U-code improved

This is a gentle refinement of u-code in som v.4.0. A few more immediate mode instructions are added. Two load index instructions with argument on AC are added. A bit of change of "case" format to one argument. Read the original u-code specification here. The improved u-code has 50 instructions.

The instruction set

bop    : add sub mul div band bor bxor mod
          eq ne lt le gt ge shl shr
bim    : addi subi bandi bori eqi lti lei shli shri
data   : ld st get put lit
vector : ldx/ stx/ ldy/ sty/ ldxa ldya
control: jmp jt jf jle/ case call callt ret
extra : fun/ sys inc dec not push

Total 50 instructions. The additional instructions are : shl shr bandi bori eqi lti lei ldxa ldya. The suffix / indicates the instruction with two arguments.

The ldxa ldya are added because it can shorten "putting" the result into a temporary register (called cascading). Not all the immediate mode is added. That will make the instruction set too fat. The logical one: nei, gti, gei can be emulate by the inverse. The others are rarely used: muli divi xori modi. shl and shr are added to make the instruction set complete. They have been omitted from the original u-code. ads is retired. It is used only to relocate the data segment. pusha is removed, it can be replaced by push 0 where 0 signifies that AC is the argument.

Format

one-address op:32 arg:32
two-address op:32 a:24,b:8

Semantic

v is M[fp+v]

bop v      :: AC = AC op v
bim a    :: AC = AC op a

data

lit a      :: AC = a
ld a       :: AC = M[a]
st a :: M[a] = AC
get v    :: AC = v
put v    :: v = AC

vector

ldy a,v    :: AC = M[M[a]+v]
sty a,v    :: M[M[a]+v] = AC
ldx v1,v2 :: AC = M[v1+v2]
stx v1,v2 :: M[v1+v2] = AC
ldxa v :: AC = M[v+AC]
ldya a     :: AC = M[M[a]+AC]

control

jt a     :: if AC != 0 pc = a
jf a     :: if AC == 0 pc = a
jle a,v    :: if AC <= v pc = a
call a     :: if arity(a) > 0 pusha passing the last parameter if any
               create a new activation record
ret size   :: delete current activation record
case lo; lit hi :: if lo <= AC <= hi skip 4+2*(AC-lo)

extra

inc v      :: v++, AC = v
dec v      :: v--, AC = v
push v     :: sp++, if(v == 0) M[sp] = AC else M[sp] = v
fun arity,size    a place holder for arity,size

usage

for loop

...
inc i
jle v loop

case

<index in AC>
case lo
lit hi
jmp else
jmp case1
...
jmp casen

u-code encoding

1 add sub mul div band bor bxor mod eq
10 ne lt le gt ge shl shr addi subi bandi
20 bori eqi lti lei shli shri inc dec lit sys
30 not push get put ld st ldxa ldya call ret
40 callt jmp jt jf case ldx/ stx/ ldy/ sty/ jle/
50 fun/

Comment

Upon analysing v4 vs v31 compiler (see som-v4-bm/doc/v4-vs-v31-compile.txt) many possible improvements to u-code come to mind. The first is the immediate mode. The second is to use "cascade" AC to reduce "put" (using AC as argument in some instruction). However, adding everything will make u-code unattractively large. The aim to include more instruction into u-code is to improve the performance without undue increase in complexity to the instruction set.

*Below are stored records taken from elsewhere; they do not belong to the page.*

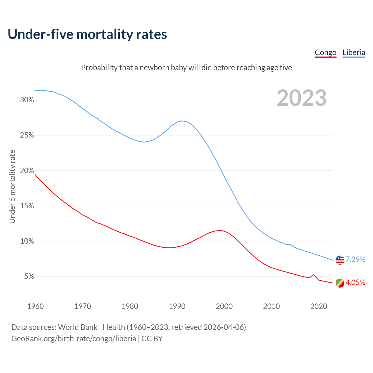 The chance that a newborn baby will die before reaching age five is 4.05% in the Congo and 7.29% in Liberia. Above is a chart with historical data on under-five mortality rates.
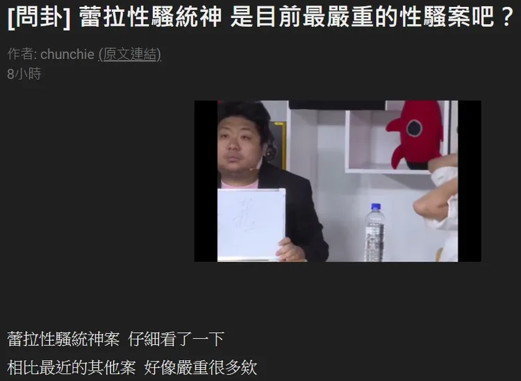 發文者稱,相比最近的其他案,仔細想想,蕾拉性騷統神案,好像是目前最嚴重的性騷案欸,引發鄉民熱議,「他自頭到尾都是表示抗拒與不舒服」、「沒錯,男生也會被性騷擾」、「張家航!成熟男人的進行式」、「證據確鑿的受害者沒人理,還被公然訕笑」、「統神臉臭到不行」、「最有證據性的me too」。
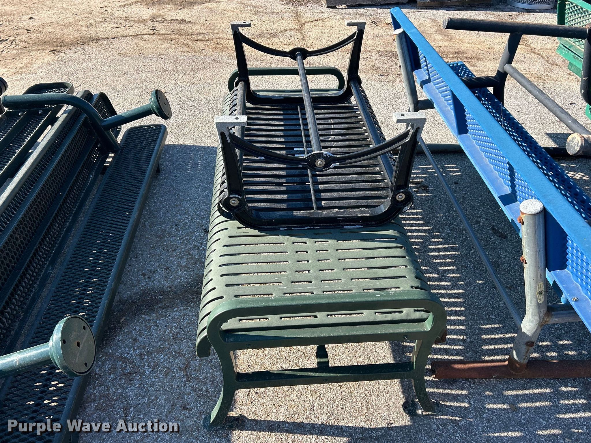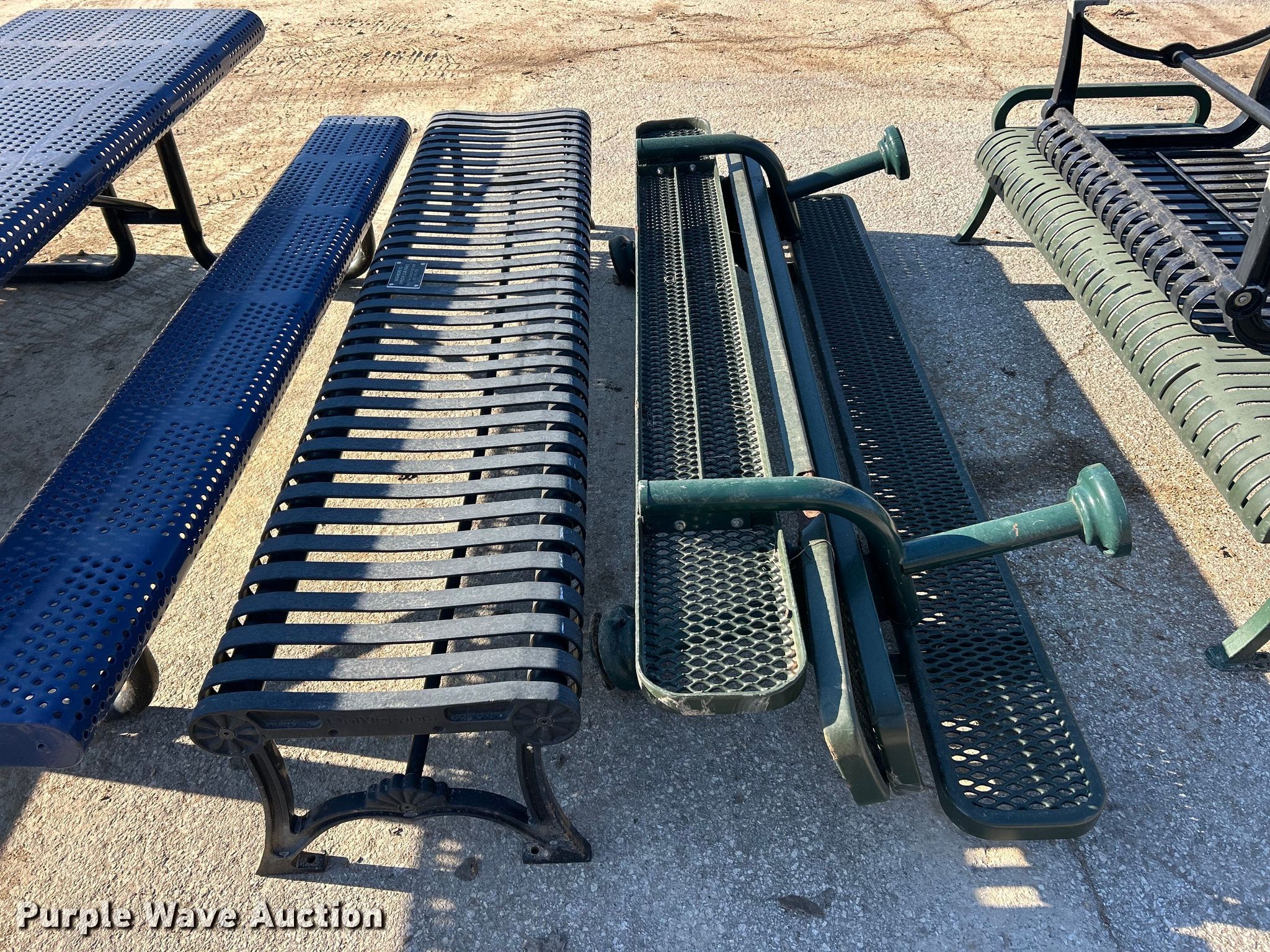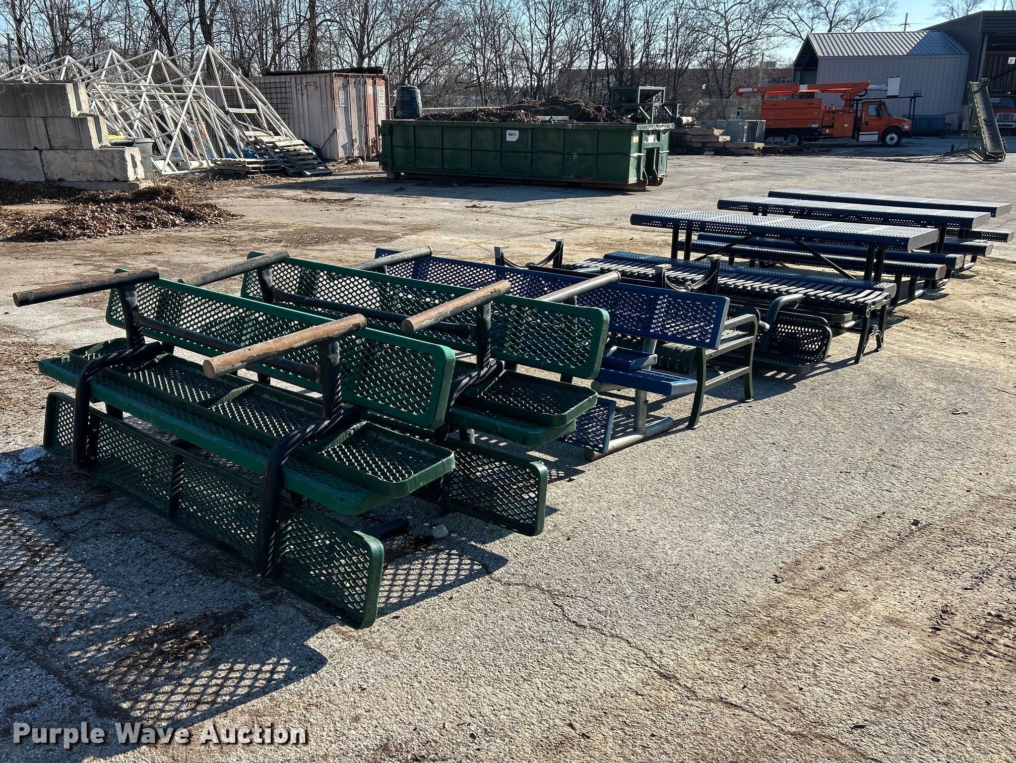 Purple Wave is selling a used Furniture in Missouri. This item is a (14) picnic tables with the following: (3) 8' L, (11) lengths 42" to 98"
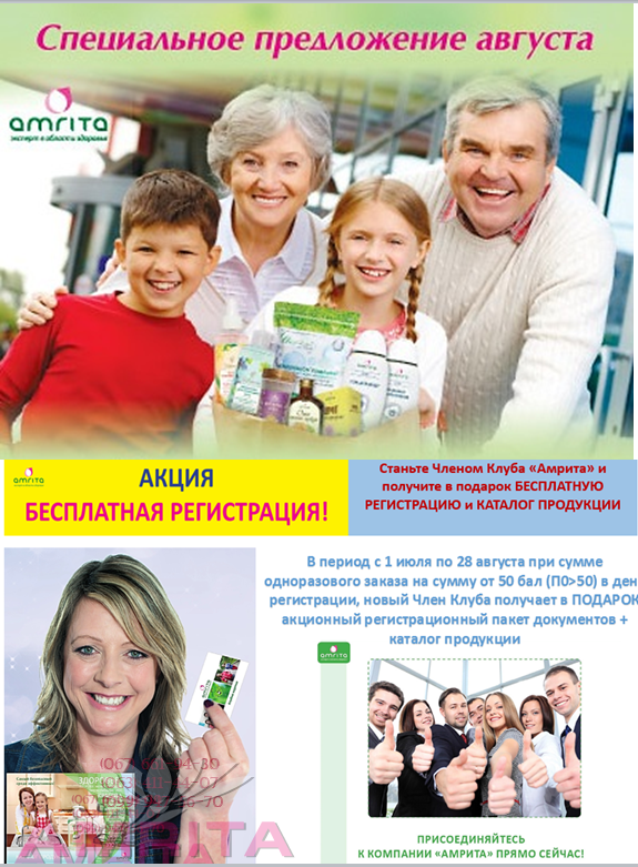 По 30 августа 2014 года в СП новые клиенты, желающие стать Членами Клуба «Амрита», при условии совершения покупки на 50 баллов и более (ПО≥50), смогут ЗАРЕГИСТРИРОВАТЬСЯ БЕСПЛАТНО и получить в ПОДАРОК КАТАЛОГ ПРОДУКЦИИ*!
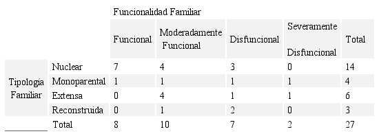 Mediante un análisis de tabulación cruzada, se puede visualizar en la Tabla 2 que las familias de tipología nuclear, cuenta con mayores puntuaciones de funcionalidad y moderadamente funcional, de acuerdo con la clasificación del FF-SIL, seguida por la familia extensa.

For "case", the previous form is correct in sense of being one instruction without any continuation so its semantic is clear. VM does not behave differently from executing other instruction. VM does not fetch any argument from the next instruction. The proposed "case":

case lo, lit hi, jump ...

is faster but its semantic is not consistent with the rest of the instruction set. It fetches the next instruction to be used in deciding the transfer of control. So, the question is, what do we prefer, clean semantic or performance?

last update 24 June 2010